● Required work:
Each line of the data is to be output verbatim, with the images removed.

● Records for this exercise:
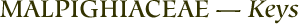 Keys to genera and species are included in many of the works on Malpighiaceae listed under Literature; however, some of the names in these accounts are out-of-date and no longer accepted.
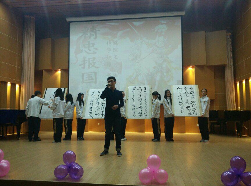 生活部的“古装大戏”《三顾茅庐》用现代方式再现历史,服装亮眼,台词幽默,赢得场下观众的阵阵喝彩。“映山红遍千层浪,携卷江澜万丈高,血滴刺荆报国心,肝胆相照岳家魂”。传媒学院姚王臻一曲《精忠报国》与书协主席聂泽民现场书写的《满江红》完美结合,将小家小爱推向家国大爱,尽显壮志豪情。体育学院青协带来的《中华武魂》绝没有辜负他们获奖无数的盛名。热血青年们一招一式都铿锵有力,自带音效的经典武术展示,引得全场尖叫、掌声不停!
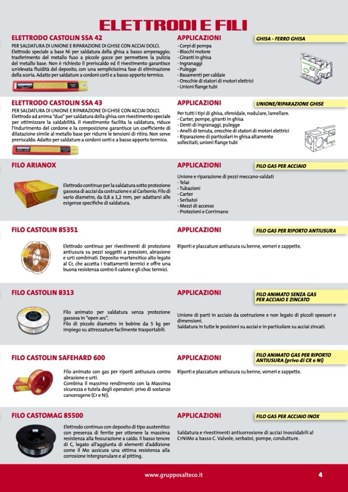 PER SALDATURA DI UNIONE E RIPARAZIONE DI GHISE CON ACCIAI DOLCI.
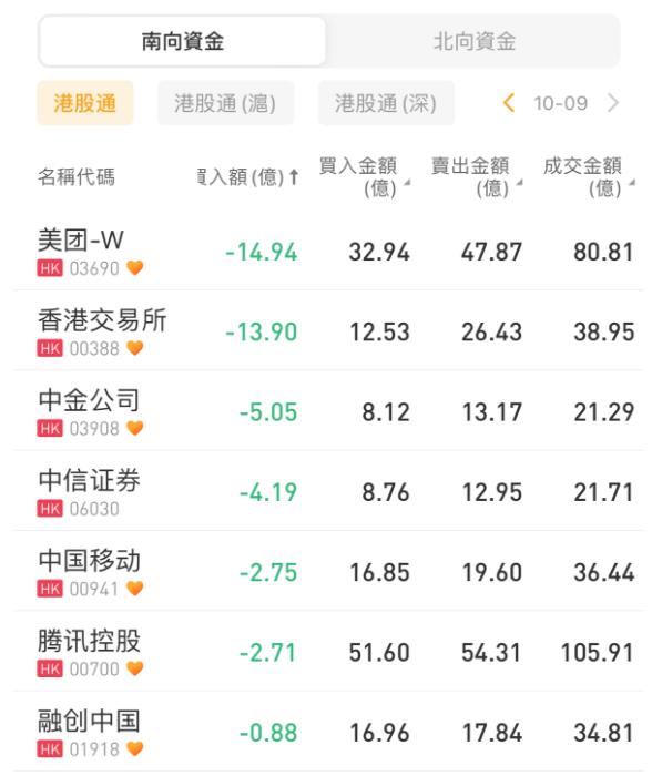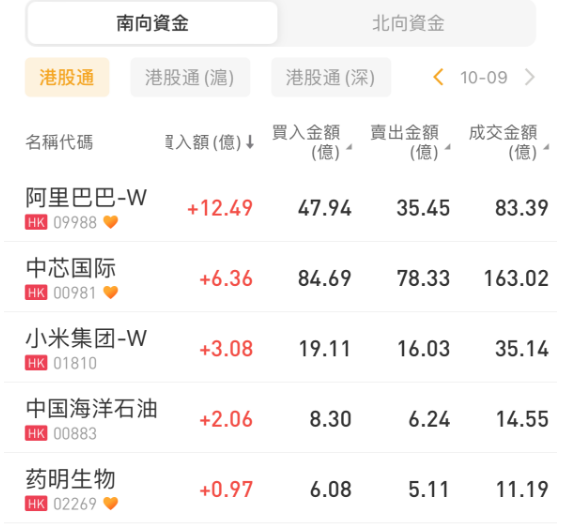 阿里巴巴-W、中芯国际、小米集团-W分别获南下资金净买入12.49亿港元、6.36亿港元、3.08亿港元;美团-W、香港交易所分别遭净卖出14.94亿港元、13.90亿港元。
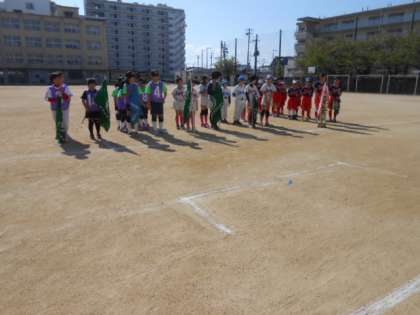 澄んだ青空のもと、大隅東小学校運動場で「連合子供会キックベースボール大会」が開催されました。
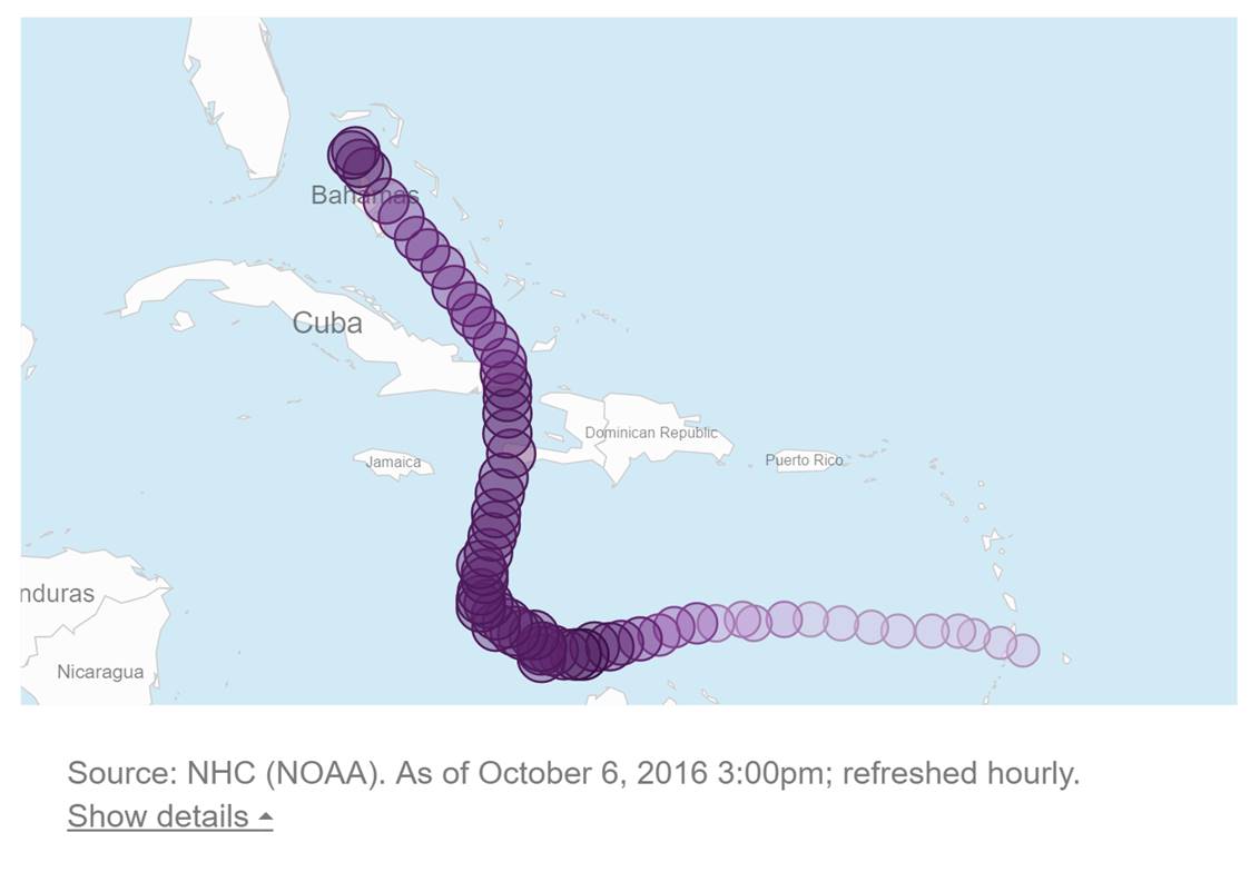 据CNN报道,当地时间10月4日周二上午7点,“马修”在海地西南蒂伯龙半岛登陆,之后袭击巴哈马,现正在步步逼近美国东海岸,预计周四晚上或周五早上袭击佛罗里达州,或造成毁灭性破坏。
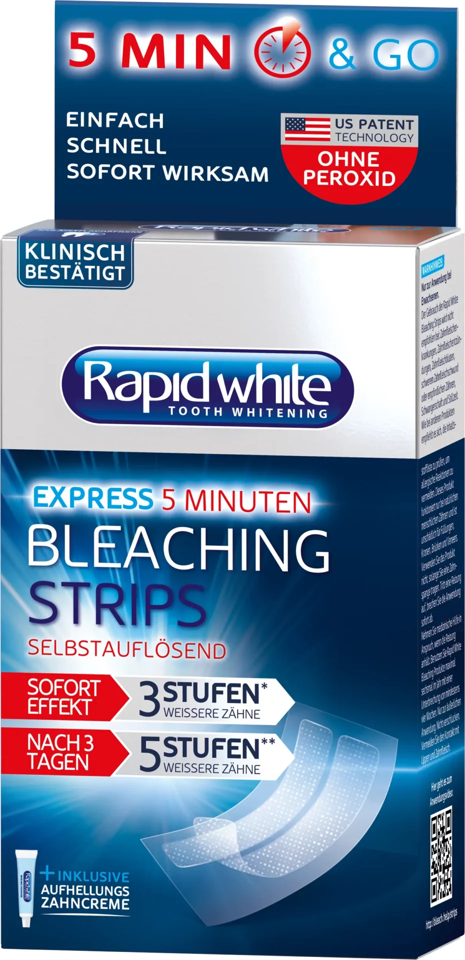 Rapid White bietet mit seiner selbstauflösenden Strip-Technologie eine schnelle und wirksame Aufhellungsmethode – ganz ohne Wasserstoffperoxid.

● Response to this task:
 Keys to genera and species are included in many of the works on Malpighiaceae listed under Literature; however, some of the names in these accounts are out-of-date and no longer accepted.
 生活部的“古装大戏”《三顾茅庐》用现代方式再现历史,服装亮眼,台词幽默,赢得场下观众的阵阵喝彩。“映山红遍千层浪,携卷江澜万丈高,血滴刺荆报国心,肝胆相照岳家魂”。传媒学院姚王臻一曲《精忠报国》与书协主席聂泽民现场书写的《满江红》完美结合,将小家小爱推向家国大爱,尽显壮志豪情。体育学院青协带来的《中华武魂》绝没有辜负他们获奖无数的盛名。热血青年们一招一式都铿锵有力,自带音效的经典武术展示,引得全场尖叫、掌声不停!
 PER SALDATURA DI UNIONE E RIPARAZIONE DI GHISE CON ACCIAI DOLCI.
 阿里巴巴-W、中芯国际、小米集团-W分别获南下资金净买入12.49亿港元、6.36亿港元、3.08亿港元;美团-W、香港交易所分别遭净卖出14.94亿港元、13.90亿港元。
 澄んだ青空のもと、大隅東小学校運動場で「連合子供会キックベースボール大会」が開催されました。
 据CNN报道,当地时间10月4日周二上午7点,“马修”在海地西南蒂伯龙半岛登陆,之后袭击巴哈马,现正在步步逼近美国东海岸,预计周四晚上或周五早上袭击佛罗里达州,或造成毁灭性破坏。
 Rapid White bietet mit seiner selbstauflösenden Strip-Technologie eine schnelle und wirksame Aufhellungsmethode – ganz ohne Wasserstoffperoxid.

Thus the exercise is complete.